The American Civil Liberties Union of West Virginia filed a lawsuit this month on behalf of Milan Puskar Health Right, a clinic running harm reduction services, including a syringe program, in Morgantown; Lawson Koeppel, president of the Virginia Harm Reduction Coalition, according to the West Virginia Secretary of State’s Office; Alina Lemire; and Carrie Ware.
Senate Bill 334 established a licensure program for harm reduction programs operating syringe exchanges. Programs must offer a full array of harm reduction services. SB 334 includes restrictions that go against Centers for Disease Control and Prevention standards, such as a model in which for every syringe returned, the person is given a new syringe, and requiring syringes be unique to the program.
The legislation includes a $10,000 fine and potential legal injunction for any entity or person who fails to meet the standards set in the bill.
“We respect the Court’s decision, although we are of course disappointed with the results of the ruling. We are considering our available options for moving forward,” ACLU legal director Loree Stark said in an email.
Earlier this week, the state filed an affidavit with the court with the updated emergency rules, which stated it is ready to file with the Secretary of State’s Office as soon as the court permits.
The rules clarify issues that Health Right executive director Laura Jones testified were unclear in the law, including what services her organization needs to offer to still legally operate until it completes the licensing process.
Stark said in court that she believes the entire law needs to be rewritten to be constitutional, but Chambers found the entities suing will not suffer “irreparable harm” because the law doesn’t go into effect for them until January.

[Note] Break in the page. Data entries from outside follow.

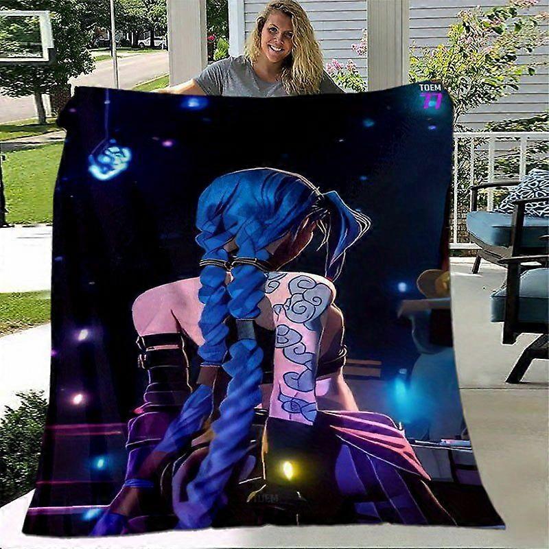 Acrane Jinx Blue Girl Tattoo Night Scene Soft Flannel Blanket in Bright Perfect for All Seasons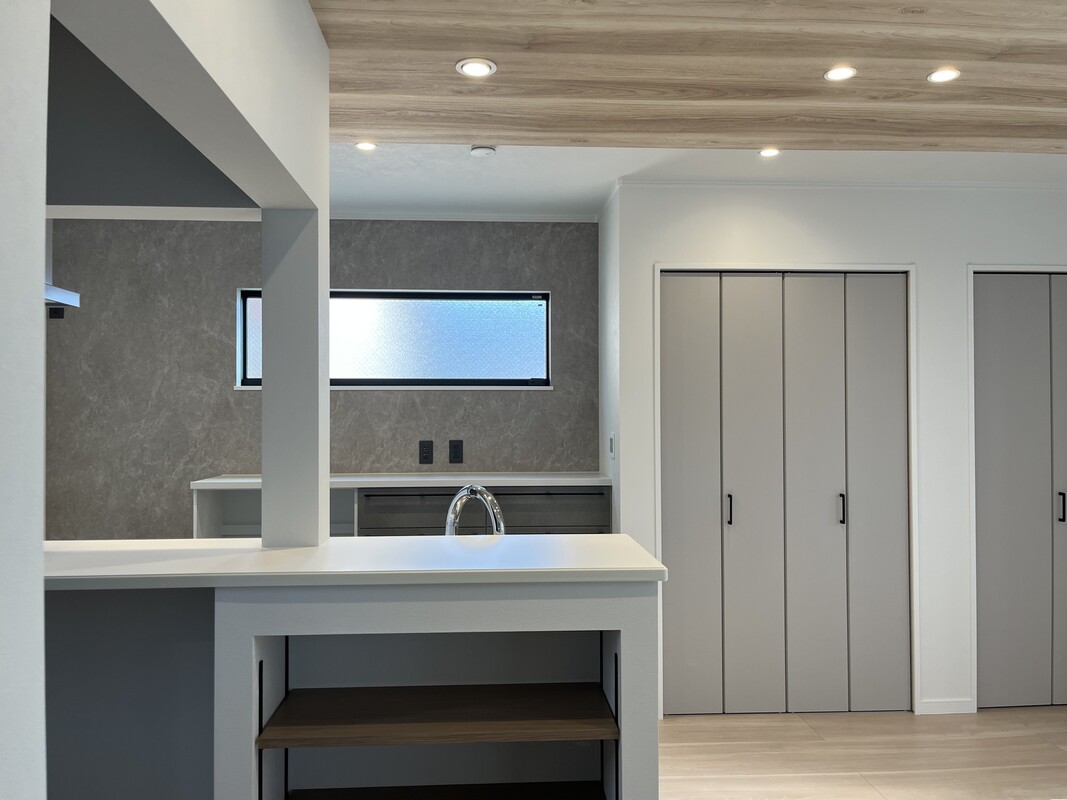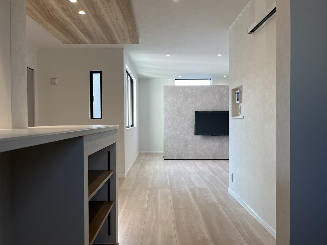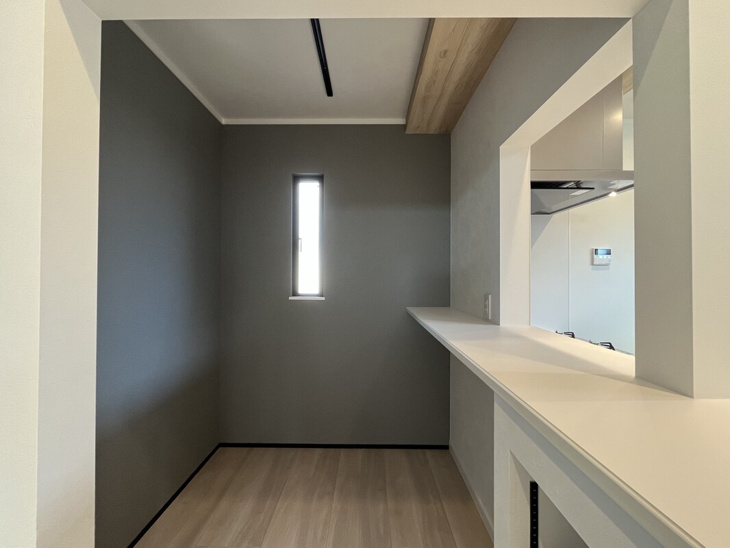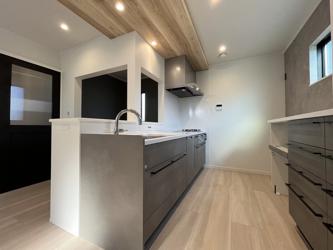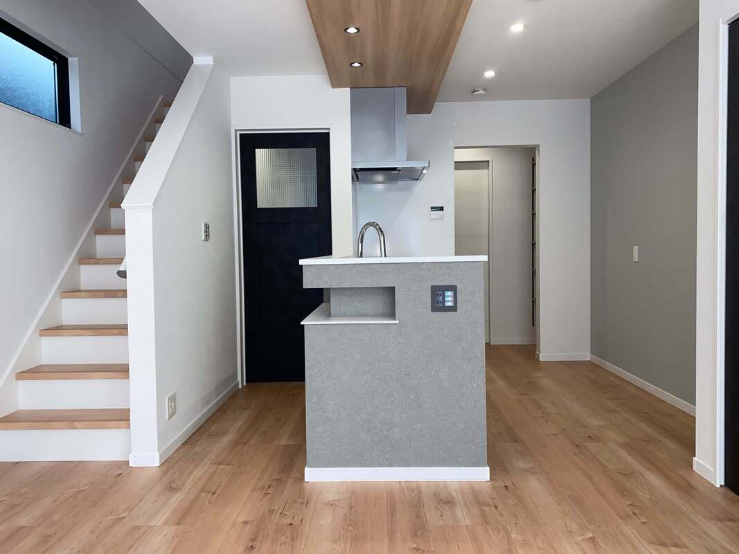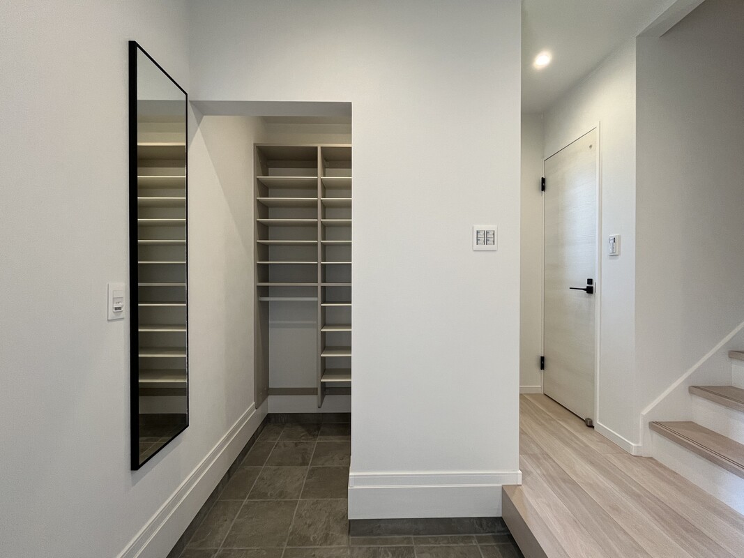 動線にも注目!玄関→パントリー→キッチン→リビング→玄関、とぐるりと一周できる回遊動線もこだわりポイント。2階の主寝室へつながる廊下は吹き抜け仕様、家の中でもちょっとしたプライベート感を演出しています。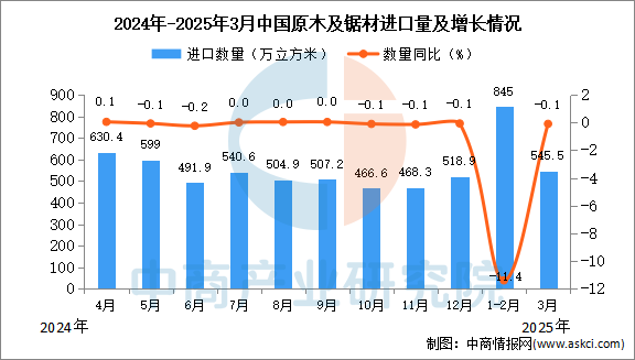 中商谍报网讯:据中商财产研究院数据库显示,2025年3月中国原木及锯材进口量545。5万立方米,同比下降0。1%;1-3月中国原木及锯材进口量1390。6万立方米,同比下降10。6%。

Chambers found the plaintiffs are only likely to succeed on one of three claims left from the complaint — violation of the equal protection clause.

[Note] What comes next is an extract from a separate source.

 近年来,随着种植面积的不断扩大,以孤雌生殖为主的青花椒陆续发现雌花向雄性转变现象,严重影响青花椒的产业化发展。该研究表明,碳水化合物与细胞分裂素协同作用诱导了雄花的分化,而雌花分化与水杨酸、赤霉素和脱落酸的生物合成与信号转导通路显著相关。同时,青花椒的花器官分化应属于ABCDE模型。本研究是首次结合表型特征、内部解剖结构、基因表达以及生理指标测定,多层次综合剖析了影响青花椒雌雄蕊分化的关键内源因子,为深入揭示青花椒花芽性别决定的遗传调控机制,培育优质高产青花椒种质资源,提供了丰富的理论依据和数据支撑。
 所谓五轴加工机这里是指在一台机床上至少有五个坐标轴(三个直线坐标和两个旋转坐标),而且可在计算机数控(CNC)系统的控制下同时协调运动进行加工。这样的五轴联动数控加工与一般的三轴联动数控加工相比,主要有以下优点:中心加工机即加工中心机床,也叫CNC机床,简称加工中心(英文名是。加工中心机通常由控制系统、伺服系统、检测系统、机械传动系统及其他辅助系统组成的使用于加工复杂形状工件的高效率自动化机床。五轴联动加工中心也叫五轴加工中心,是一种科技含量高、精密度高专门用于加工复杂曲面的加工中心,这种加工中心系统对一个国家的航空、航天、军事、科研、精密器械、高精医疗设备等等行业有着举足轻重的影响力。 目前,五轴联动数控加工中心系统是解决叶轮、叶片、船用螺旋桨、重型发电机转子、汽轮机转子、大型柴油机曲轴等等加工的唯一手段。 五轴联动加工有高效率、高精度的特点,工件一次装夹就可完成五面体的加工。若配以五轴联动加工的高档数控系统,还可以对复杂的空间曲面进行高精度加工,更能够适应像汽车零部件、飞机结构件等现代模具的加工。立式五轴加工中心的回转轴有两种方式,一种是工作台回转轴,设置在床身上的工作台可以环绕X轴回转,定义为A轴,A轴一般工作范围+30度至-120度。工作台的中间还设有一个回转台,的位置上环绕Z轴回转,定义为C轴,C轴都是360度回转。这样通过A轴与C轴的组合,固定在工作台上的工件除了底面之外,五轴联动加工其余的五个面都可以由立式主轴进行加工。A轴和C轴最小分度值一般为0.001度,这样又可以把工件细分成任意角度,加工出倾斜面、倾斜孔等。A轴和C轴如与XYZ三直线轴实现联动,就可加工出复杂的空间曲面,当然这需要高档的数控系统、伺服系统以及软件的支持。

The violation revolves around one section of code: 16.64.10(d). The final section of code, it states programs not offering “a full array of harm reduction services as defined in this section” must cease and desist. New providers have until January 2022 to come into compliance with the section.
As written, the plaintiffs argue it benefits new providers, which can operate without offering “a full array of harm reduction services” while already existing operations must cease.

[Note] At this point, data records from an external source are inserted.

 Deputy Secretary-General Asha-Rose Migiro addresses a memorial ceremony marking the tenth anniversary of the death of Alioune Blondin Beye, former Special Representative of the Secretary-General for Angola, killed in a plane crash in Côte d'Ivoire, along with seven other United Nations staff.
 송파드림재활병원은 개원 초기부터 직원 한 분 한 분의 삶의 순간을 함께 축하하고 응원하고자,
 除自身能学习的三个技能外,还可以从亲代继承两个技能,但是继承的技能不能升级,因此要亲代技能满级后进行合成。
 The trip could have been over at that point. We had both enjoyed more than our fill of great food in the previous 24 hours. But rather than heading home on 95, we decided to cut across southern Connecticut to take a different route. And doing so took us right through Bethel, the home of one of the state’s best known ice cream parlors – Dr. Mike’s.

State attorneys argue it actually benefits existing providers by pointing to earlier sections of the code that require all new and existing providers to get a license. But Chambers rejects their reading of the statute.
In footnotes, Chambers acknowledges what he previously called clumsily written code, but says it is clear the Legislature’s intent was the grace period to apply to the entire article of code.
In the draft of the emergency rules filed, the grace period is clarified and explicitly prohibits new providers from operating before January. In his order, he writes although the court does not decide whether the Office of Health Facilities Licensure and Certification (OHFLAC) can enforce the rule, it doesn’t matter because none of the plaintiffs are new providers.
Chambers also concluded that the same section of code is poorly written as to ceasing operations if other harm reduction services are not offered, but still said the plaintiffs were not likely to succeed due to testimony from OHFLAC Director Jolynn Marra.